Technical thoughts about those sealed cameras
The camera's seal should be fragile. When it's broken (~ when there is any slight shift in gas pressure or membrane conductivity, when the components move, when the unpredictable, randomly chosen build parameters fall out of calibration), the camera's registered private key will be thoroughly destroyed, with a flash of UV, current, and, ideally, magnesium fire, so that it cannot be extracted and used to produce false signatures. It may be common for these cameras to fail spontaneously. We can live with that. Core components of cameras will mostly only continue to get cheaper.
I wish I could discuss practical processes for ensuring, through auditing, that the cameras' private keys are being kept secret during manufacture. We will need to avoid a situation where manufacturing rights are limited to a small few and the price of authorised sealed cameras climbs up into unaffordable ranges, making them inaccessible to the public and to smaller news agencies, but I don't know enough about the industrial process to discuss that.

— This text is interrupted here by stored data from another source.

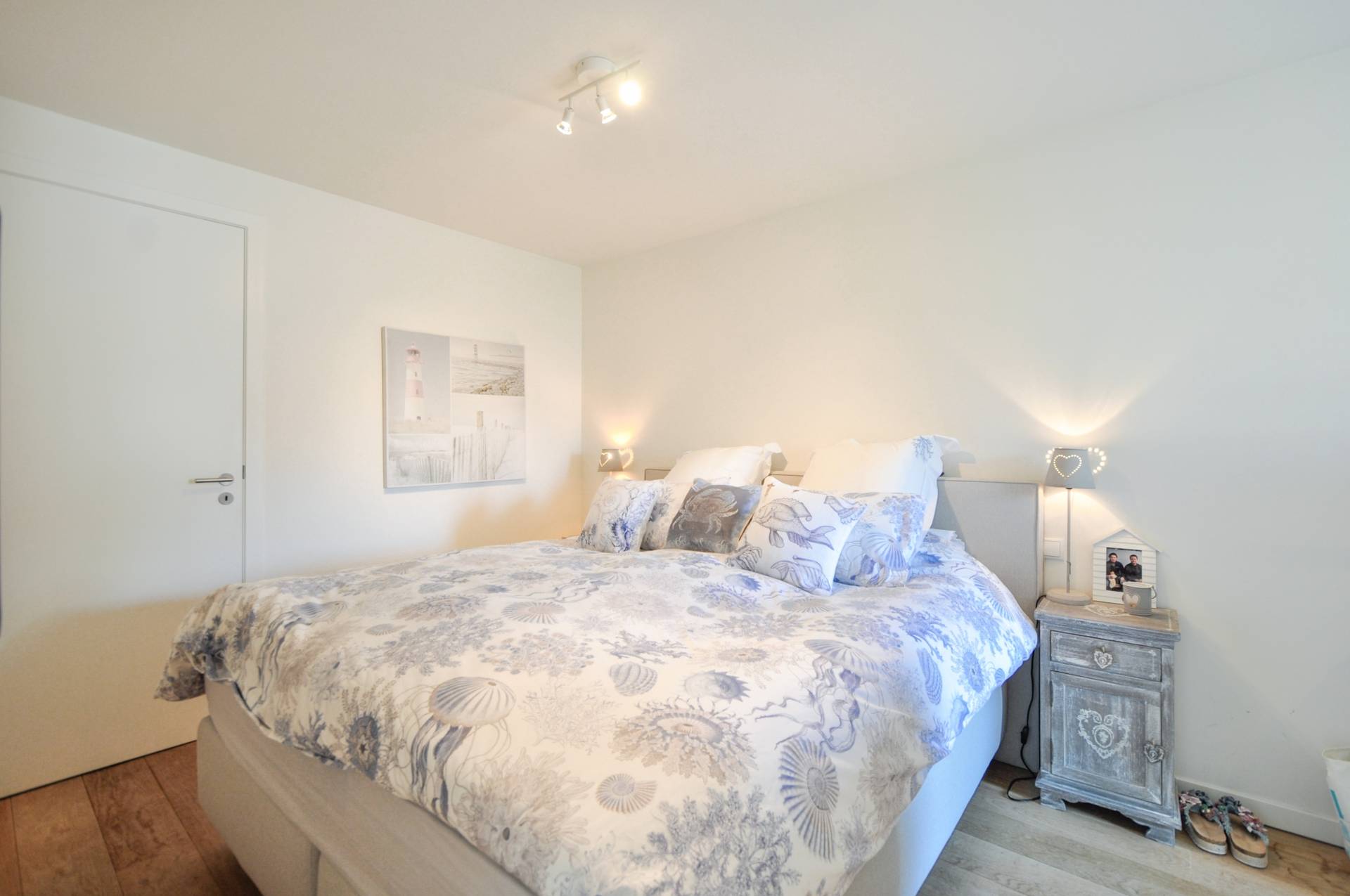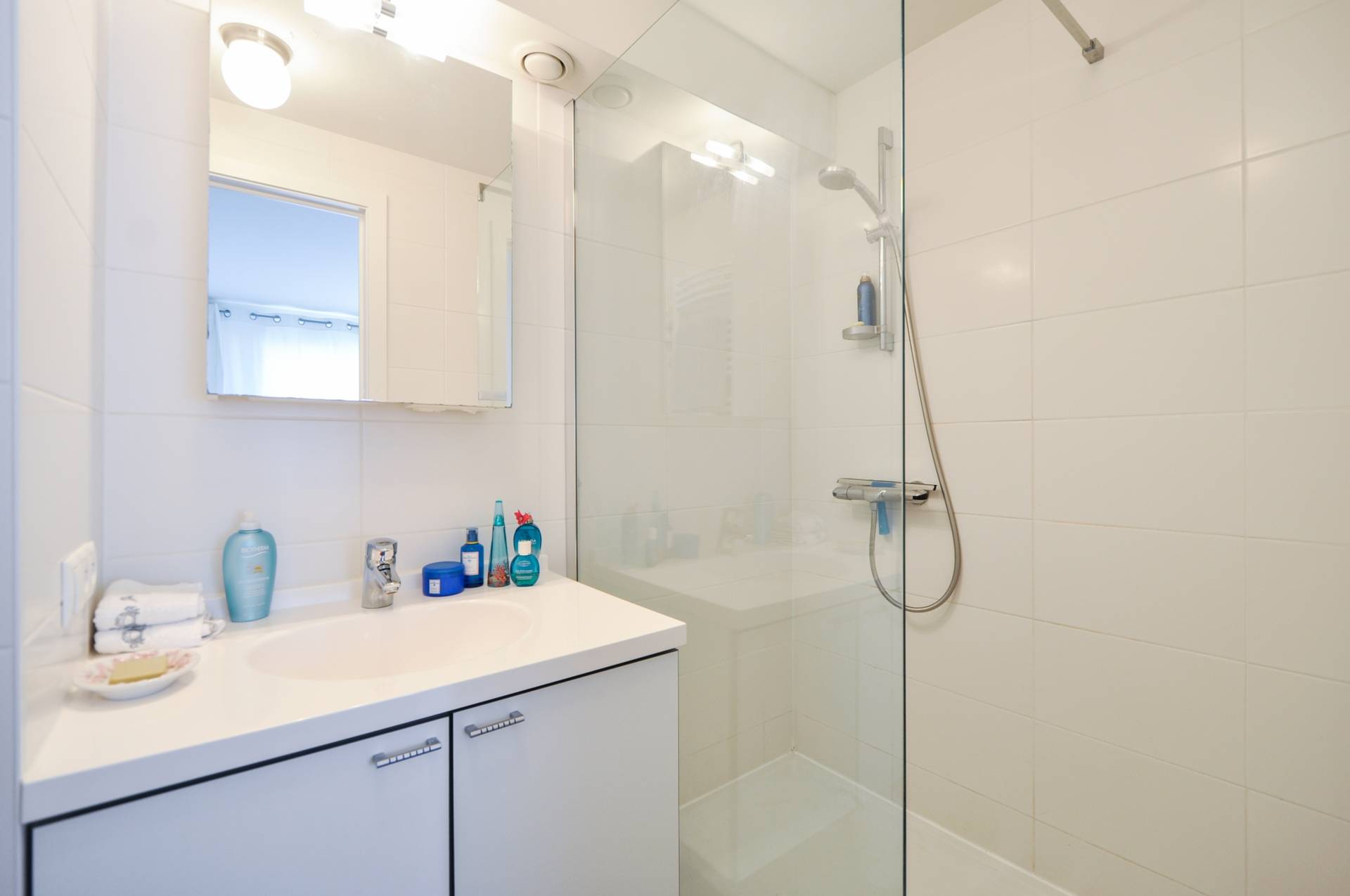 Er is 1 badkamer met ligbad, dubbele lavabo en toilet. Er is 1 douchekamer met douche en lavabo.
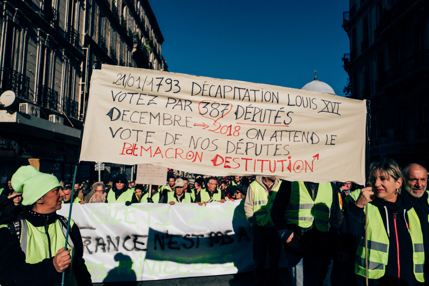 loi Pompidou-Giscard-Rothschild »), démission pure et simple d'Emmanuel Macron, VIème République, fin de certains privilèges, que les gendarmes retirent leurs casques (qu'ils ne portaient pas à l'arrivée du cortège). La foule est calme mais les messages forts et les appels au calme et à la non-violence multiples.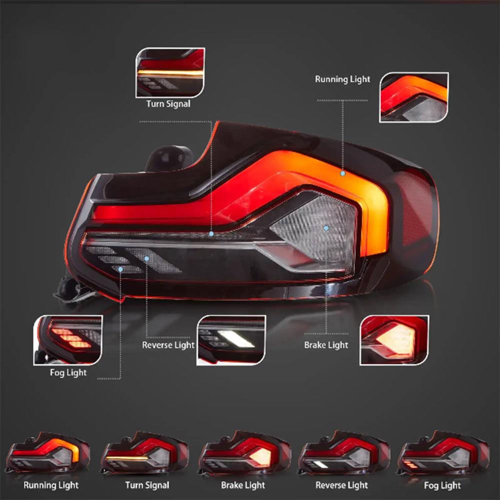 مع رسوم متحركة لبدء التشغيل ومؤشر متسلسل لإشارة الانعطاف + ضوء فرامل LED أحمر + ضوء فرامل LED + ضوء تشغيل LED أحمر + ضوء ضباب LED + ضوء عكسي LED ساطع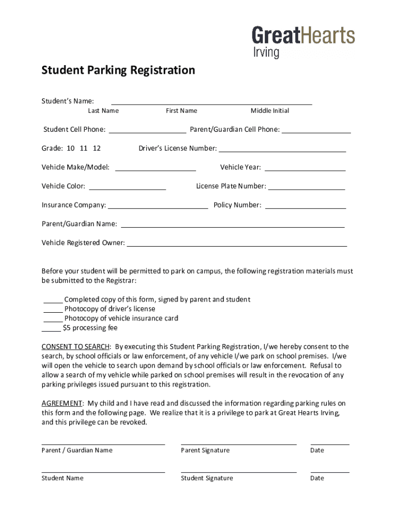 Student Parking Registration Students Name:___Last NameFirst NameMiddle InitialStudent Cell Phone: ___ Parent/Guardian Cell Phone: ___ Grade: 10 11 12Drivers License Number: ___Vehicle Make/Model: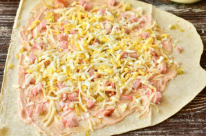 Выложите нарезанную кубиками ветчину и тертый твердый сыр.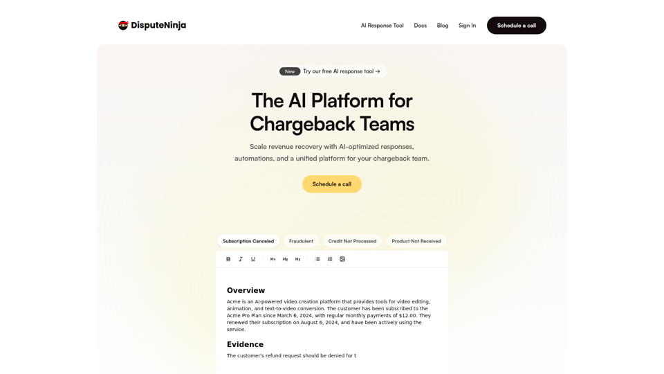 DisputeNinjaは、証拠収集の自動化、異議申し立ての説明文の作成、そして個別最適化されたチャージバック対応の生成を通じて、アナリストによる売上回収の拡大を支援する、チャージバックチーム向けのAIプラットフォームです。チャージバックアナリストや売上回収業務において、手作業による案件構築の負担を軽減し、同じ人員のままでより多くの異議申し立てに対応できるよう支援します。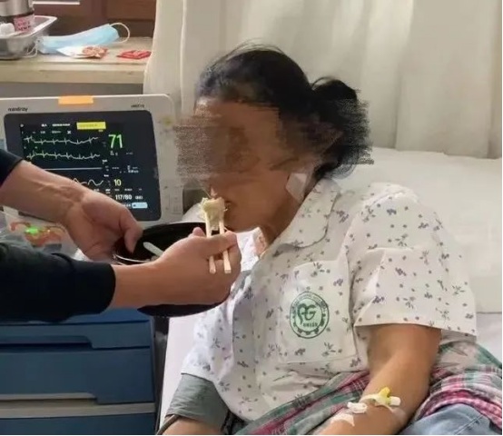 手术几个小时以后,看到患者大口大口吃馄饨,不再疼痛了,家属也露出了久违的笑容。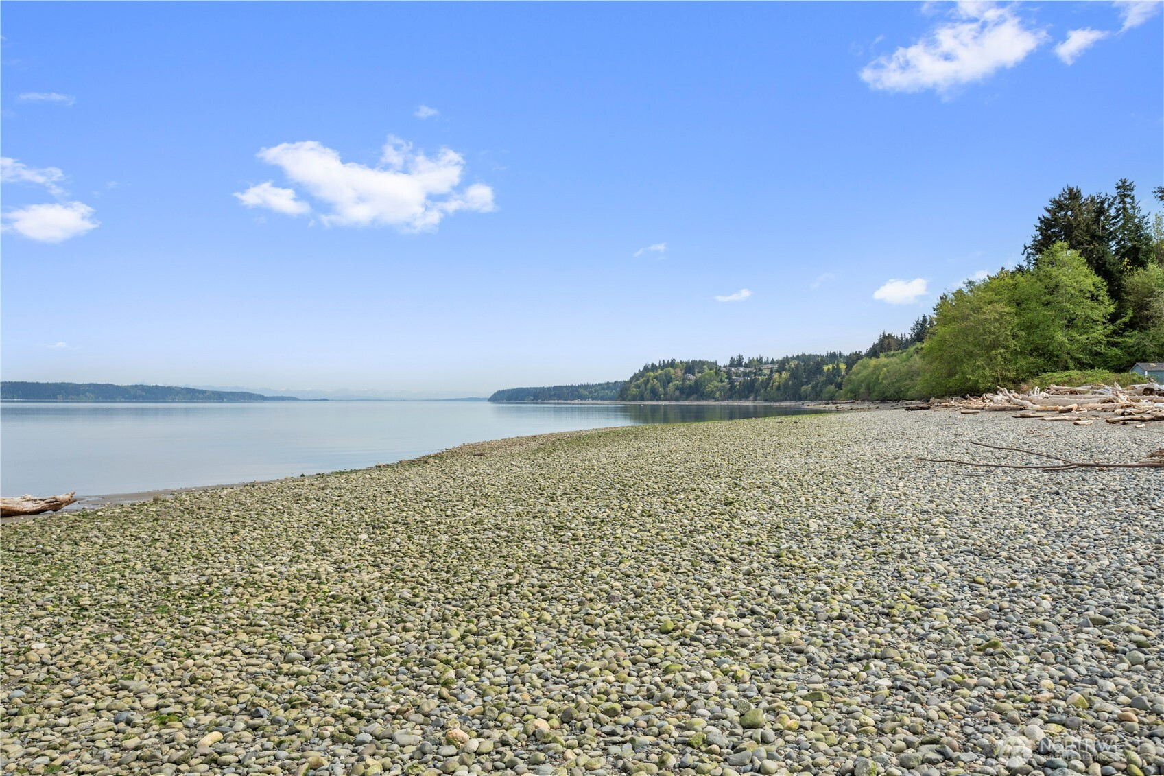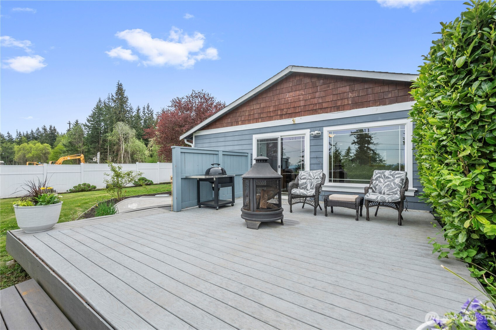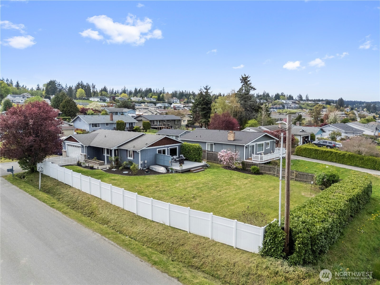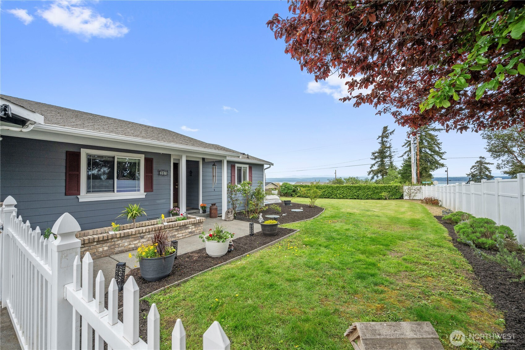 Beautifully updated home blending comfort, style, and versatility. Soak in breathtaking 180° partial views of the Sound and mountains—ever-changing sunsets, and serene water vistas—from the expansive Trex decking; with an additional pad ready for a hot tub. Enjoy RV/boat parking with electric hookups, and a storage shed on a concrete slab. Whole house generator hook-up, is in the garage. Inside, vaulted ceilings and an open-concept kitchen, living, and dining area create a warm, inviting space centered around a cozy fireplace. Features include new luxury vinyl plank flooring, high-end stainless steel appliances, and beautifully remodeled baths. The primary suite offers a walk-in closet, and the guest bedroom also includes a walk-in. Fully fenced, landscaped yard with access to three private Country Club beaches completes this exceptional home. Lots of outdoor storage space. This is a great home that you don't want to miss out on!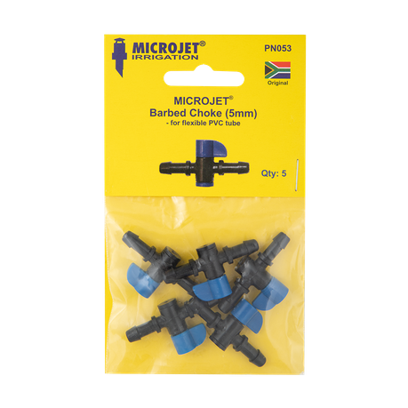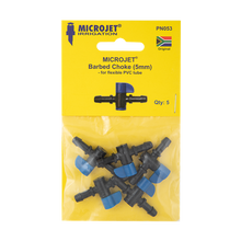 Microjet Chokes are used in conjunction with 5mm Flexible PVC Tube or with Rigid Risers to restrict the volume of water passing through the tube. They are ideal for areas, such as potplants, where the watering amount might need to be adjusted to fit a certain area. Microjet Chokes also solve the problem of plants that require differing amount of water at different times of the year. With a Microjet Choke installed that line or riser can simply be switched off when not needed.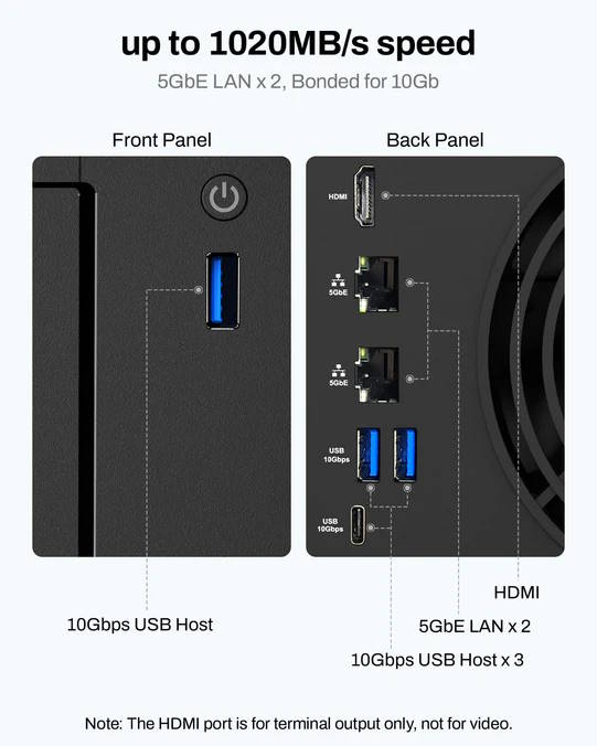 Pojedyncze wyjście HDMI umożliwia podłączenie zewnętrznego wyświetlacza. Oba urządzenia NAS obsługują Docker, umożliwiając użytkownikom uruchamianie szerokiej gamy aplikacji. Oferują one również kompleksowe opcje bezpieczeństwa i integrację z usługami w chmurze. Ta ostatnia funkcja daje użytkownikom możliwość tworzenia kopii zapasowych danych w chmurze oprócz urządzeń lokalnych w celu zapewnienia dodatkowej ochrony.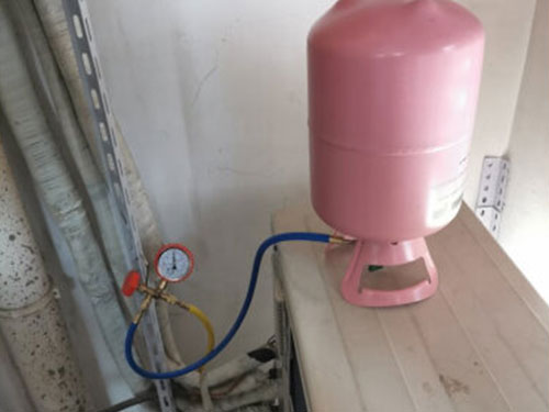 3、充氟過程中觀察壓力表指針變化。通過間斷地充氟使壓力表指針維持在0.45-0.5Mpa范圍內(nèi)。
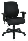 Stay on task with this sleek black office chair designed for productivity. Enjoy the comfort of the thick padded seat and back as you sit back and focus on your work. A ratchet back height adjustment and pneumatic seat height adjustment make it easy for you to customize this chair for your needs. Plus, with Greenguard certification you can rest easy knowing that this chair produces low chemical emissions for improved indoor air quality. Get the job done with the Work Smart Deluxe Task Chair.
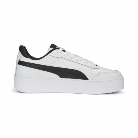 Összetétel:The Carina Street has a streetwear-inspired design in combination with a true platform profile, providing the perfect choice for everyday outfit. The full leather upper is streetwear inspired with toe overlay and basketball touch. It s accented by a perforated vamp and a synthetic leather PUMA Formstrip. The highlight of the shoe is the new cupsole tooling though with a slightly elevated platform sole with texture interest in toe and heel area. Th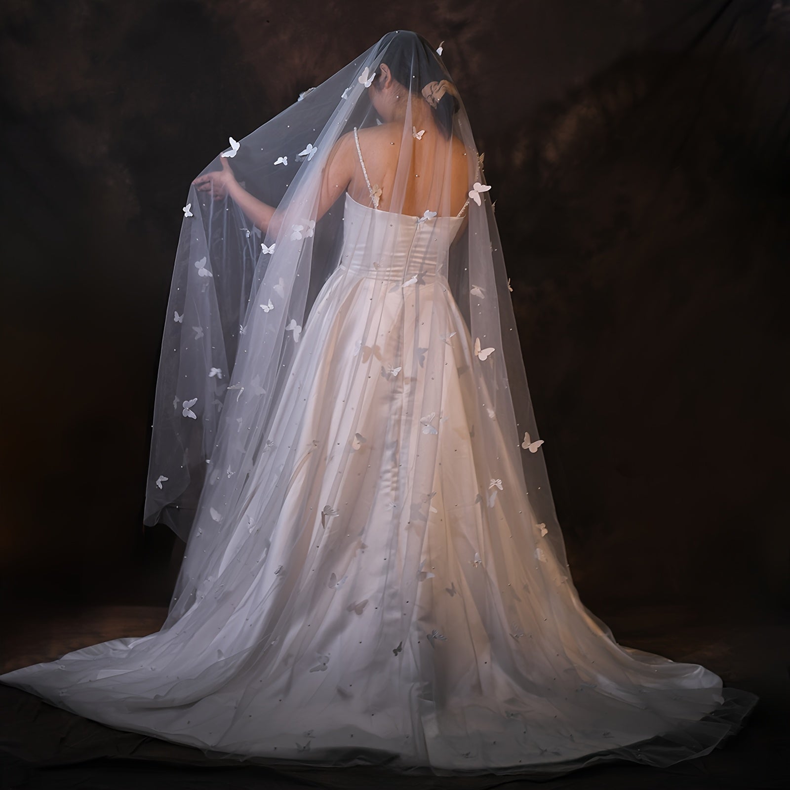 Wedding Veil Beaded Butterfly Cathedral Length Nylon Bridal Accessory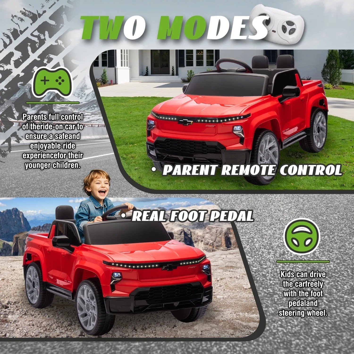 Kids Ride on Truck Licensed Chevrolet Silverado Electric Car Toy with Remote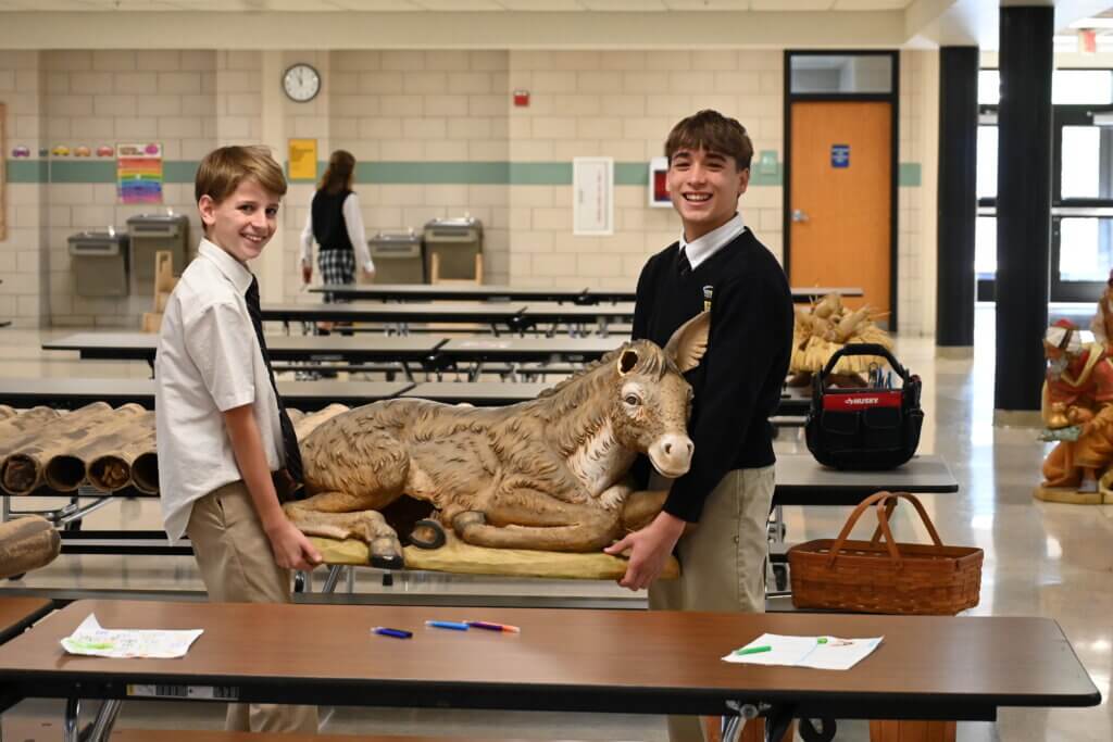 The eighth-grade class exercises leadership within the academy building throughout the year in a number of ways – from organizing field day to the Living Stations of the Cross and more. They are also responsible for working together with Mr. Cross to set up the life-sized Nativity scene in the academy commons. The scene helps the Advent season come to life for Mountaineers as they contemplate the Nativity and eagerly away the placement of Baby Jesus in the manger on Christmas.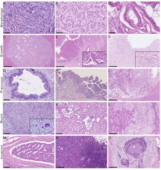 Histological distinction features of iCCA. (A) Adenocarcinoma forming solid sheets; (B) with cuboidal cells; (C) Infiltrative glands composed of prismatic cells. Different histological growth patterns of iCCA showing (D) a mass-forming (MF) tumor, (E) a tumor showing intraductal growth (IG), and (F) a tumor with periductal-infiltrating growth. Note the adjacent inconspicuous biliary epithelium (inlay; (E,F)). (G) Biliary intraepithelial neoplasia of low-grade and (H), 200X magnification) high-grade; (I) intraductal papillary neoplasm of the bile ducts. Different amounts of mucin: (J) little mucin with PAS-positivity showing in the inlaid picture; (K) moderate and (L) extensive amounts of mucin. (M) Lymphangioinvasion and (N) lymph node metastasis. (O) Perineural invasion.

(Edit: It occurs to me that the manufacturing process would not have to inject a private key from the outside, they would never need to be given access to the private key at all. Sealed camera components can be given a noise generation module to generate their key themselves after manufacture is complete. They can then communicate their public key to the factory, and it will be publicly registered as one of the manufacturer's cameras. Video signatures can be verified by finding their pubkey in the manufacturer's registry.)
There's an attack I'm not sure how to address, too. Very high-resolution screens and lenses could be used to show a sealed camera a scene that doesn't exist. The signature attests that the camera genuinely sees it, but it still isn't real. I'll name it the Screen Illusion Analogue Hole Attack (SIAHA).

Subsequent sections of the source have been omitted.